__Record extracts__:
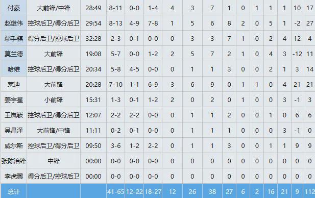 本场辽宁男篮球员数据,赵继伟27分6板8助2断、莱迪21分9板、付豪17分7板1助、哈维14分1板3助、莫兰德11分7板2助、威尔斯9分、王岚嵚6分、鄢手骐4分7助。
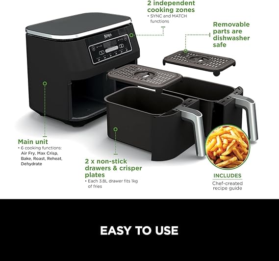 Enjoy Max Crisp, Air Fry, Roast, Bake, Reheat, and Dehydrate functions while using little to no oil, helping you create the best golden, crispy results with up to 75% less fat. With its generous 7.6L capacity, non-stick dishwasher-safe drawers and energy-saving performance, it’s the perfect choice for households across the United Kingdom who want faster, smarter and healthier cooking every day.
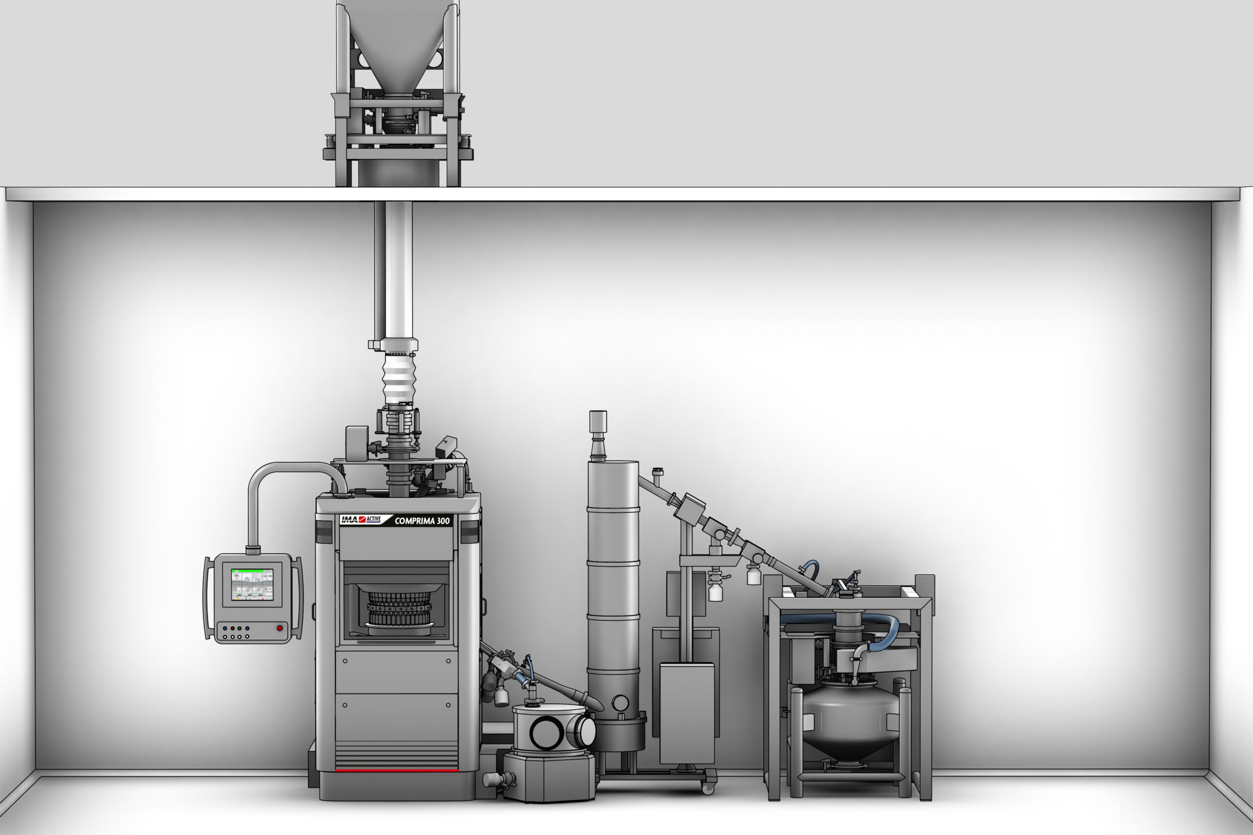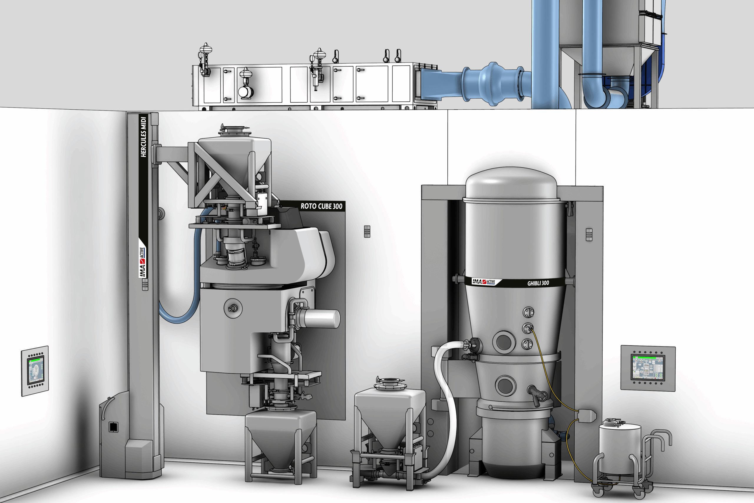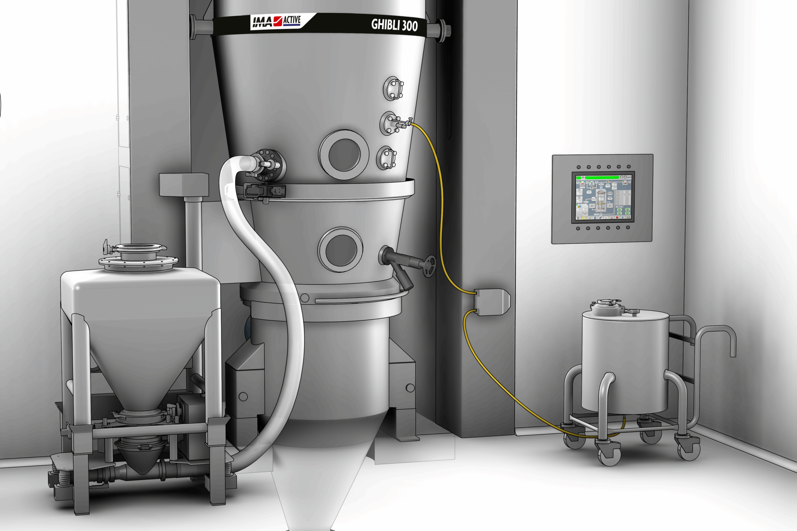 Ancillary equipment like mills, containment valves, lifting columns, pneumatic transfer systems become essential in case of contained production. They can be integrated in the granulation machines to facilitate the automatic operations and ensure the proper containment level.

* * *

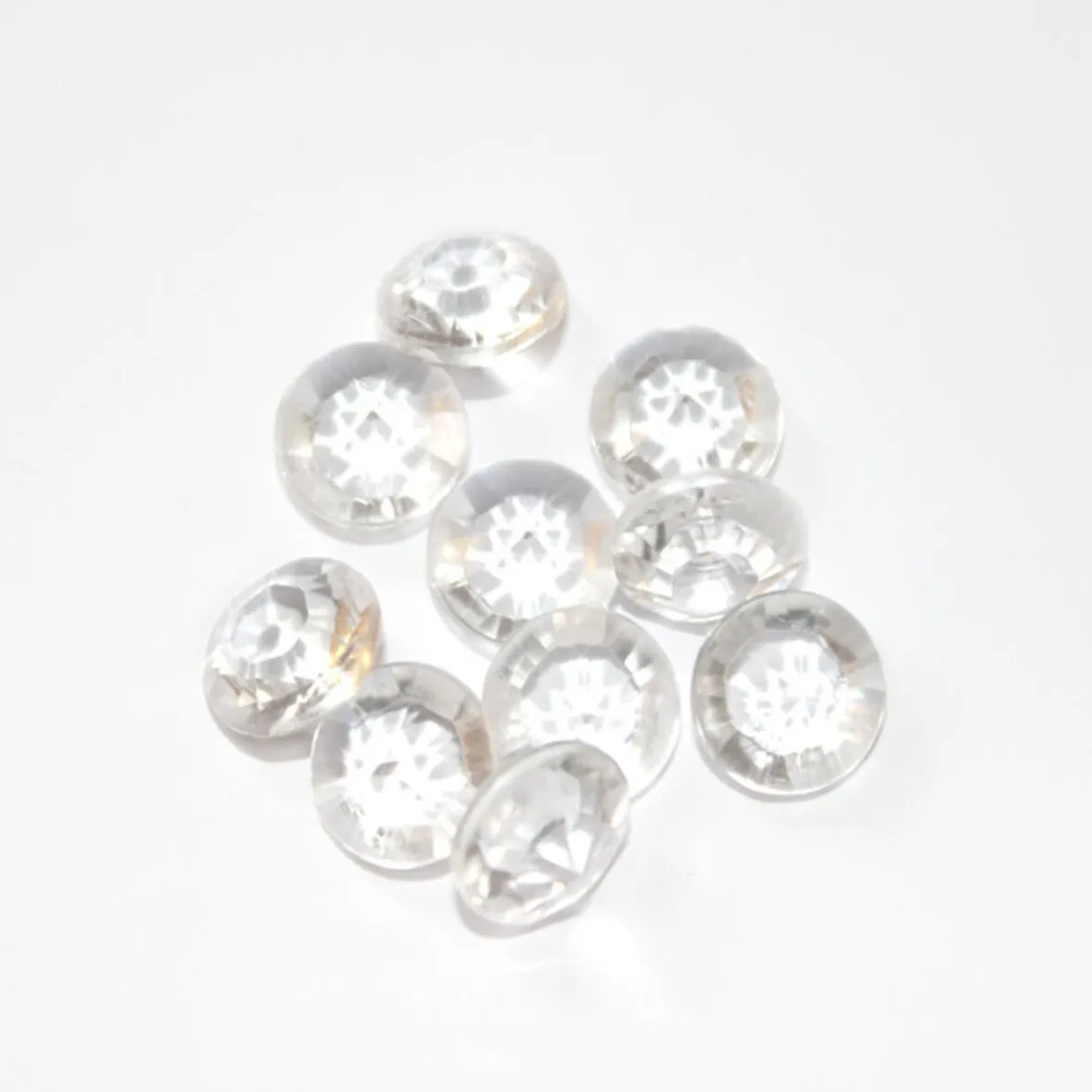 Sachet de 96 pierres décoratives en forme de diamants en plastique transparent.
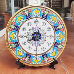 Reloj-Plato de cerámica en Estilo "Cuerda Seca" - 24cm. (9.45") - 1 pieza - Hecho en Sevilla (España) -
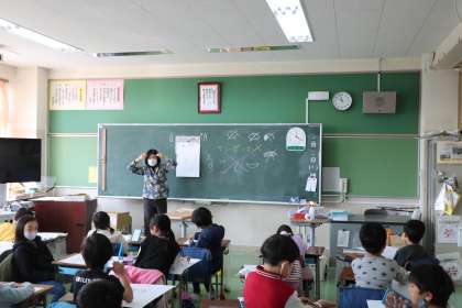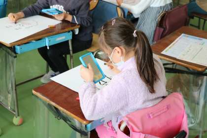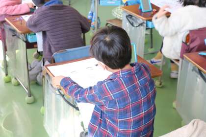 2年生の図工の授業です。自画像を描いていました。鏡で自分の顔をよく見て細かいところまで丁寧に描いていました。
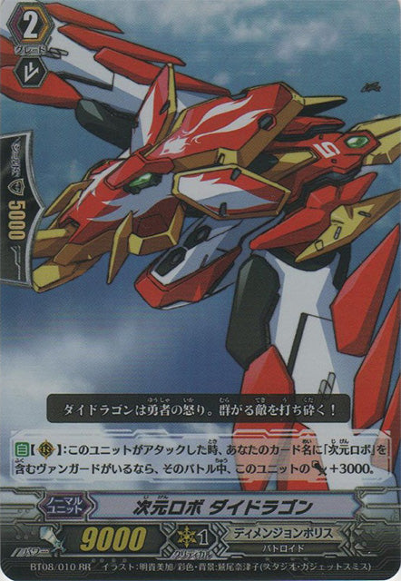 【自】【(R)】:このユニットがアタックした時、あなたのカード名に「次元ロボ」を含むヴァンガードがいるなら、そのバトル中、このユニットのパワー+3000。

__Action item__:
Whatever pictures the records hold, omit them; give again exactly the lines from the one containing "本场辽宁男篮球员数据,赵继伟" through the one containing "Enjoy Max Crisp, Air".

__Solved problem__:
 本场辽宁男篮球员数据,赵继伟27分6板8助2断、莱迪21分9板、付豪17分7板1助、哈维14分1板3助、莫兰德11分7板2助、威尔斯9分、王岚嵚6分、鄢手骐4分7助。
 Enjoy Max Crisp, Air Fry, Roast, Bake, Reheat, and Dehydrate functions while using little to no oil, helping you create the best golden, crispy results with up to 75% less fat. With its generous 7.6L capacity, non-stick dishwasher-safe drawers and energy-saving performance, it’s the perfect choice for households across the United Kingdom who want faster, smarter and healthier cooking every day.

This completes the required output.